WORK TO COMPLETE: From the line that contains "A rock-and-roll band" through the last line of the data, copy everything exactly and nothing else, omitting the pictures.
(PROVIDED RECORDS begins)
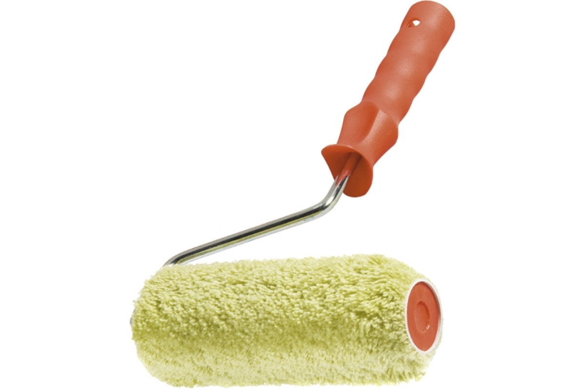 Валик произведен по технологии Termofusion, что обеспечивает высокую износостойкость, так как исключает отслаивание шубки от основания даже при многократном использовании.  Бесшовная структура шубки способствует равномерному нанесению краски на поверхность. Улучшенная конструкция ролика обеспечивает свободное вращение. Ручка в комплекте, бюгель оцинкован.
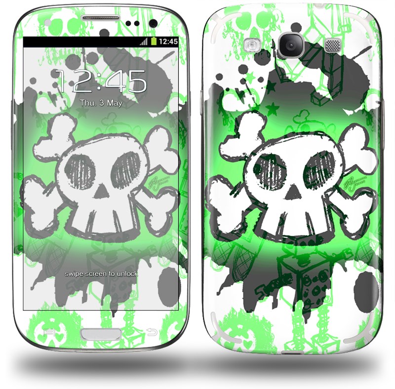 Cartoon Skull Green - Decal Style Skin (fits Samsung Galaxy S III S3)
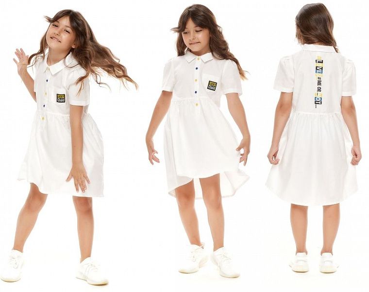 Это платье на фото ниже может стать идеальной покупкой, благодаря хлопковому поплину, который не склонен к сминанию, нарядному молочному цвету, пышной удлинённой сзади юбке и ярким деталям. Разноцветные пуговицы на классической планке, отложной воротник в тон, рукава-фонарики, кармашек с фирменной нашивкой Lucky Child – и это ещё не все детали. Стоит девочек повернуться, как все заметят яркий принт на спине, который делает это платье не таким уж классическим.
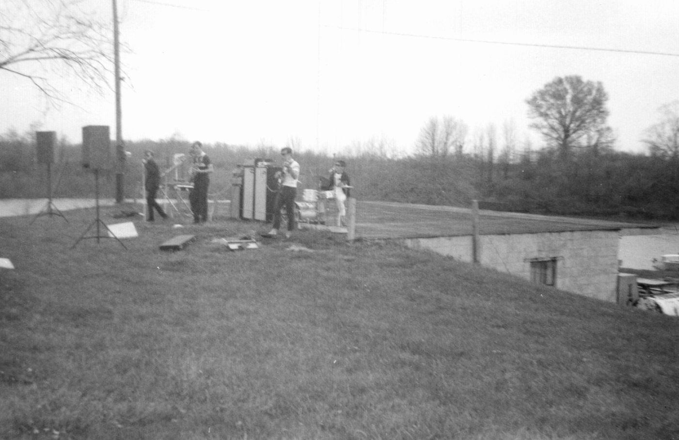 A rock-and-roll band performs on the grass above the concession building at Delaware State Park in July of 1967.
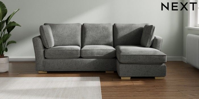7.2.10 Heath Highback Medium Sofa Chaise - Right Hand Chunky Chenille Dark Grey Block - Light | Made Click here to use our website with more accessibility support, for example screen readers
(PROVIDED RECORDS ends)
FINISHED EXERCISE:
 A rock-and-roll band performs on the grass above the concession building at Delaware State Park in July of 1967.
7.2.10 Heath Highback Medium Sofa Chaise - Right Hand Chunky Chenille Dark Grey Block - Light | Made Click here to use our website with more accessibility support, for example screen readers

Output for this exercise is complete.